Assume the claim is wrong.
First we deal with the special case that $I$ is a subset of the union $I_1 \cup I_2$ of any two of the three ideals $J_1, J_2$ and $P$. Then by our assumption there is an $a\in I\setminus I_2$ and a $b\in I\setminus I_1$. Since $I\subset I_1\cup I_2$, $a\in I_1$ and $b\in I_2$ and from $a + b\in I$ we get w.l.o.g. $a + b\in I_1$. Thus $b = (a + b) - a\in I_1$, contradiction.
It remains to consider the case that there exist elements $a\in I\setminus (P \cup J_1)$, $b\in I\setminus (P\cup J_2)$ and $p\in I\setminus (J_1\cup J_2)$. Then $a\in J_1$, $b\in J_2$ and $p\in P$. The element $x = ab + p$ is in $I$ and therefore in at least one of the ideals $J_1$, $J_2$ or $P$.

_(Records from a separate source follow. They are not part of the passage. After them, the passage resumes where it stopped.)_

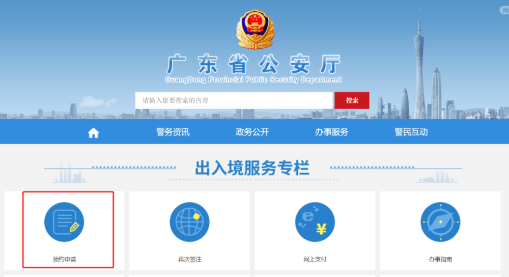 登录广东省公安厅出入境政务网,选择“预约申请”。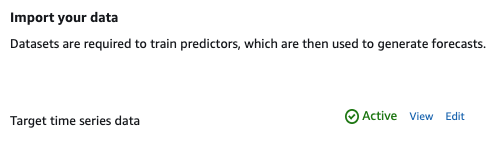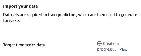 6 – Cela peut prendre quelques minutes car Amazon Forecast importe maintenant le dataset pour pouvoir l’utiliser par la suite.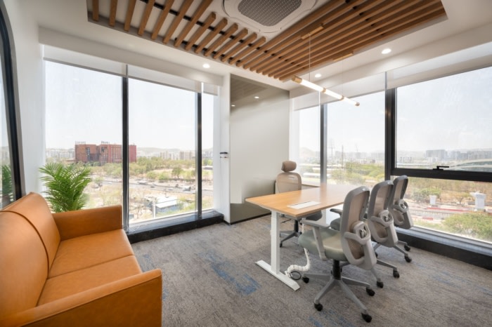 客户特别要求采用裸色柔和的配色方案,将其融入整个办公室,以营造平静而温馨的氛围。工作站布局采用独特的梯形设计,最大限度地提高了功能和美感。工作站中使用的??榛揖呶占湓鎏砹艘凰肯执泻褪视π?。为了确保顺畅的移动和沟通,选择了工作站的全方位循环布局,促进了协作和轻松访问。#办公室设计装修#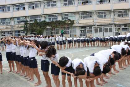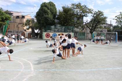 高学年の子達が組体操の練習に取り組んでいます。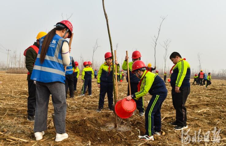 2021年3月11日,“千年秀林”管護(hù)人員與容城縣賈光鄉(xiāng)東張楚小學(xué)的學(xué)生們一起種下“雄安樹”。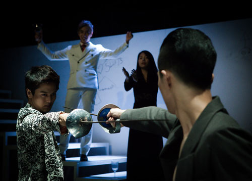 햄릿의 주위에 모든 인물이 에워싸며 야유와 조소 그의 나약하고 우유부단한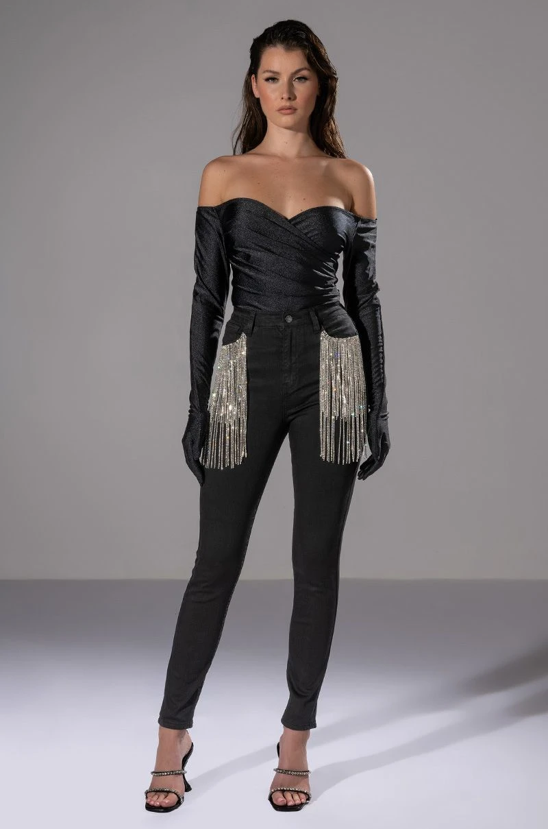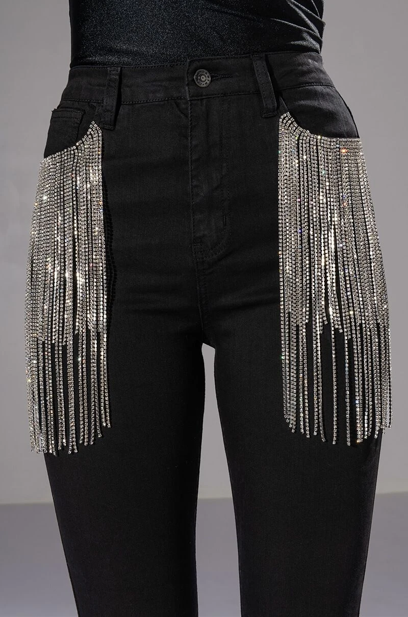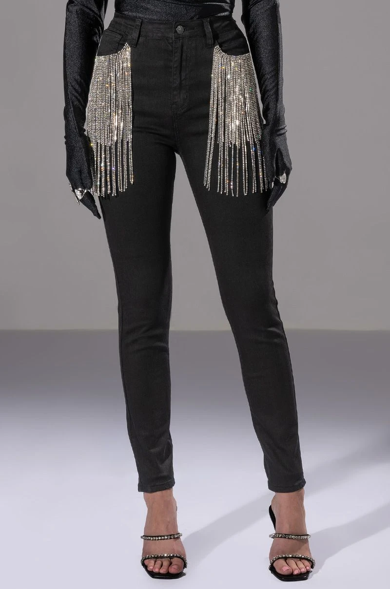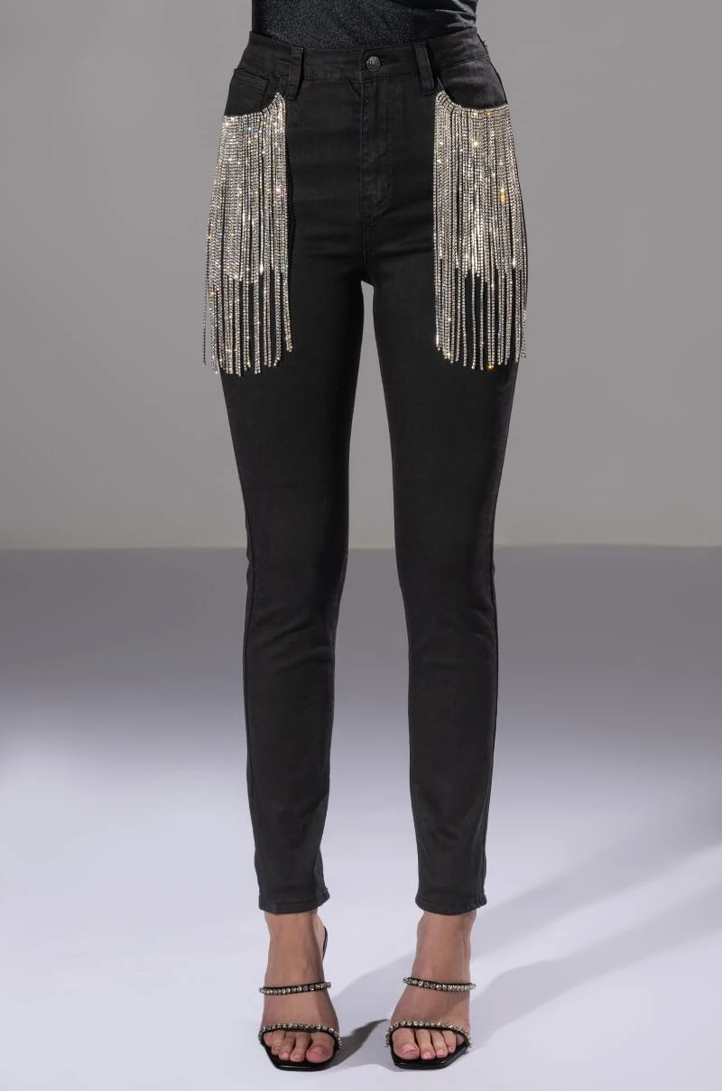 It doesn’t get better than The AKIRA Label Nothin Better Rhinestone Pocket Skinny Jeans. These bodycon jeans feature rhinestone fringe front pockets, working back pockets, a high rise waist, and a classic zipper and button up enclosure. Style these with some western booties and a cropped moto jacket.

If $x\in J_1$, then $p = x - ab\in J_1$ (note that from $a\in J_1$ and the ideal property of $J_1$ it follows that $ab\in J_1$). Contradiction.
In the same way, $x\in J_2$ yields a contradiction.
If $x\in P$, then $ab = x - p\in P$. From the primality of $P$ we get $a\in P$ or $b\in P$, which is again a contradiction.